Identity Cards, perhaps?

No, this is even more serious than Nu Labour's plan to turn each of us into a human bar code.

Then it must be the Police database containing the DNA of over a million innocent people, right?Close, but no cigar.
It's the Lisbon Treaty, stupid.

While Jacqui and Gordon - who would surely have been a white crimplene suited Seventies cabaret act in another life - have been insisting on the need to imprison anyone they want for 42 days without trial, the bill to enable the Lisbon Teaty is about to be debated in the House of Lords having been rammed through the Commons by the battering ram of vested interests known as the Europhile tendency.

It is a strange creature, Europe. Poll after poll demonstrates that the British people are heartily sick of being sucked any further into its web. More people than ever are calling not just for the ties to be loosened but severed completely. Yet, our political elite conspires to bind us ever closer, mocking our protests while denying that we have anything to protest about in the first place.

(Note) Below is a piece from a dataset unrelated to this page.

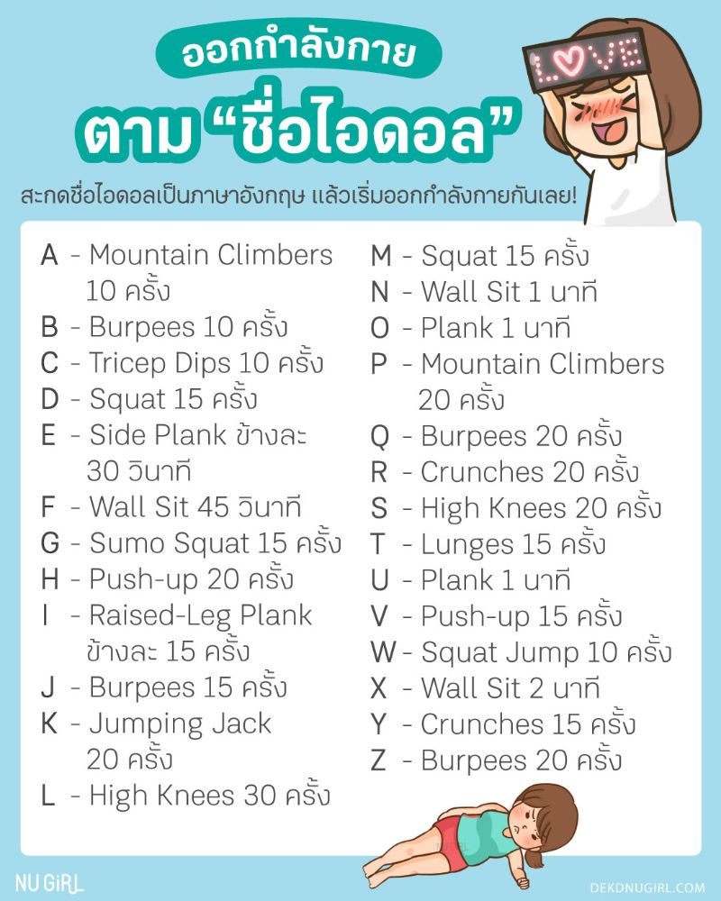 เท่านี้ก็จะได้ตารางออกกำลังกายเป็นของตัวเองในแต่ละวันแล้วค่ะ แนะนำว่าใครอยากหาแพชชั่นให้ตัวเองเยอะๆ ก็ลองลิสต์ชื่อไอดอลที่ชอบ แล้วเปลี่ยนชื่อทำวนไปก็สนุกดีนะคะ

That elite includes not just the current crop of party leaders but all of their predecessors from the Seventies onwards; including Maggie Thatcher. She, like the rest, knew precisely the nature of our relationship with Europe. She and they have accepted for many years that the eventual aim was a United States of Europe in which Great Britain would become a province with slightly fewer powers than, say, Georgia currently does in relation to the federal government of the USA.
Peter Lilley made this plain in the Commons last week. As he said, over 80% of all the laws and regulations to which we now have to adhere start their life inside the EU Commission. Our Government Ministers like to claim these bits of legislation as their own. But only to maintain the fiction that anything they or anyone else at Westminster does, has any real effect on life in modern Britain.

The truth is, of course, that our feeble, mediocre Parliament is an anachronism. Its members are as relevant as a sail in a submarine; as powerless as the Queen has been for the last fifty years. But, still they go on posturing, posing and conniving in dark corners as if it matters a jot which of them ends up as Party leader or deputy leader. Occasionally, in a moment of lucidity or honesty, one of their number spills the beans. This time it is Peter Lilley. In the past, William Hague has come close to admitting the same thing; that the House of Commons is to Brussels what your local Town Hall used to be to Westminster.

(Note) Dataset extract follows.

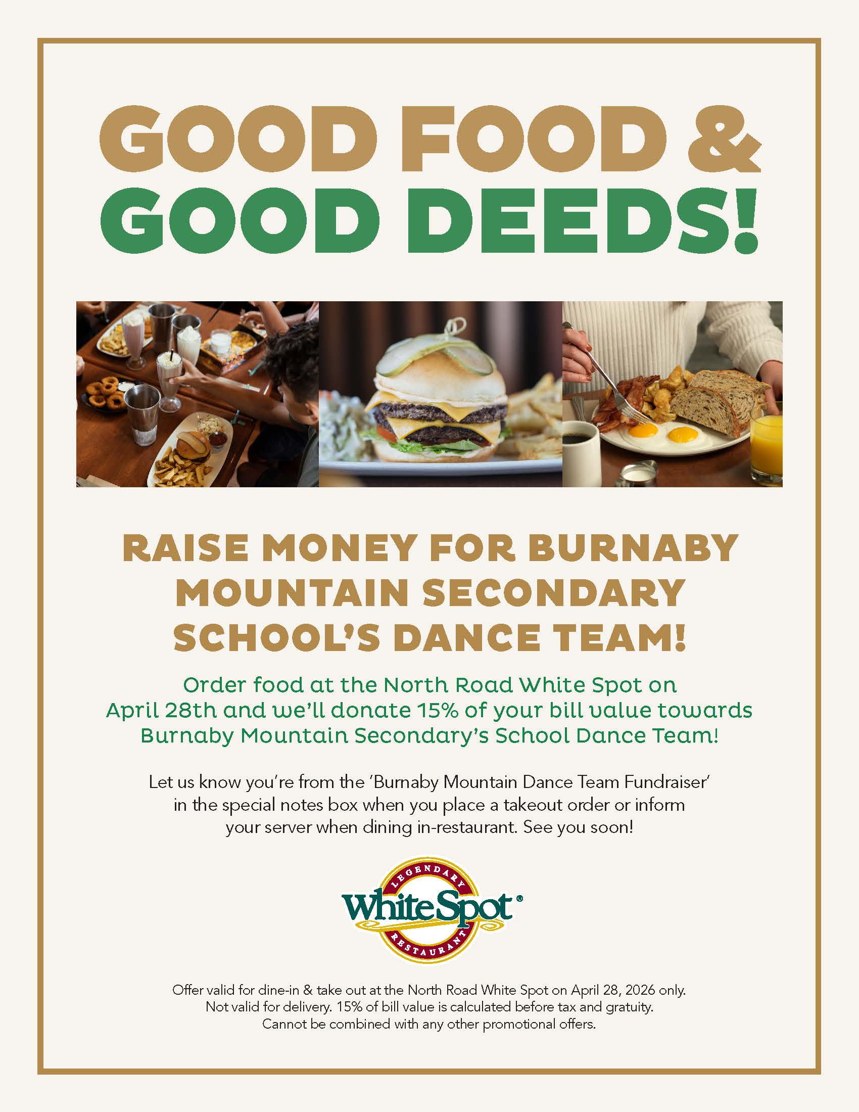 For those of you that are White Spot Restaurant lovers… dance students are running a family fundraiser on Tuesday April 28 from 7am-10pm at the White Spot on North Road. Just let your server know for dine-in or take-out service that you are supporting “Burnaby Mountain Dance”. A portion of the profits will go to the dance program to help us with costumes for our year-end show in May.

Nobody takes very much notice for the simple reason that every effort is made to divert our attention. Every time a major European story is about to grab the headlines, the media are chucked another, more juicy bone to get their collective teeths into. It's been Nu labour's way of manipulating the news since its very first days in office. The lickspittles otherwise known as political journalists play along happily with the charade; willingly recycling rumours and briefings to keep the pot boiling and everyone's attention from the debate that really matters; what is happening to our democracy as the tentacles of Europa wrap themselves ever tighter around us.
This time is no different. We have been told in no uncertain terms that there will be no referendum. The elite has closed ranks. Doubters have, as usual, been branded Eurosceptics and Little Englanders. Meanwhile, Gordon and Jacqui, abetted by their media chums, continue to do their bit; puffing out billows of chaff about 42 days detention to keep the European question firmly off the radar.

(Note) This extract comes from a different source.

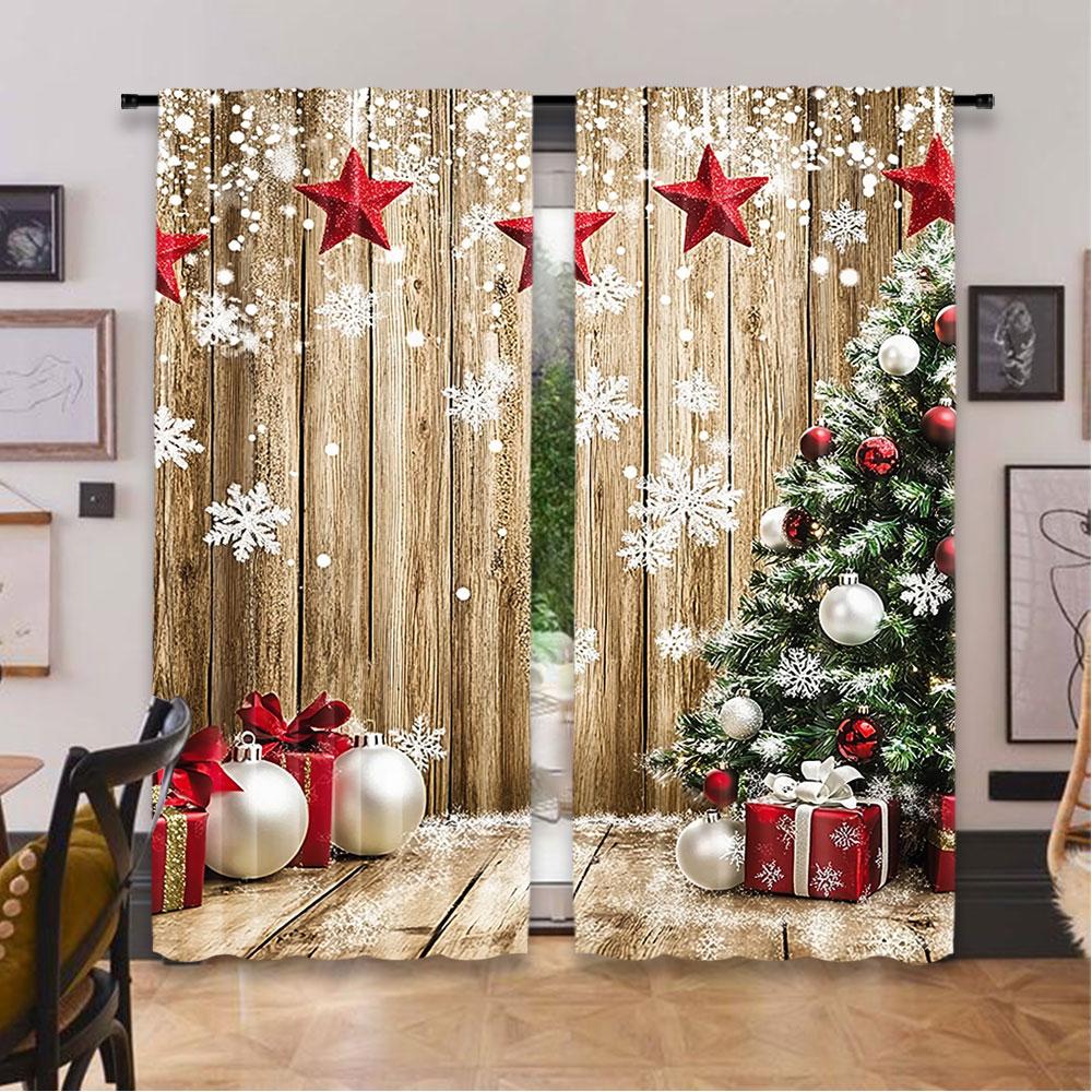Rustic Christmas Curtains Snow Tree Gifts Party Decoration Suitable Bedroom Living Room Dining Set Of 2 Made Polyester Sitting Decor

Once the Lisbon Treaty passes the Lords, the fog will clear and we will all be sailing full-steam for the sunlit uplands of Europe. (Unless the Irish chuck a large Celtic spanner in the works of course and chuck the whole idea of the Lisbon Treaty out on its ear. ) Either way, with Lisbon resolved, just watch how quickly Gordon caves in to back-bench demands for a fresh debate on the whole question of detention without trial.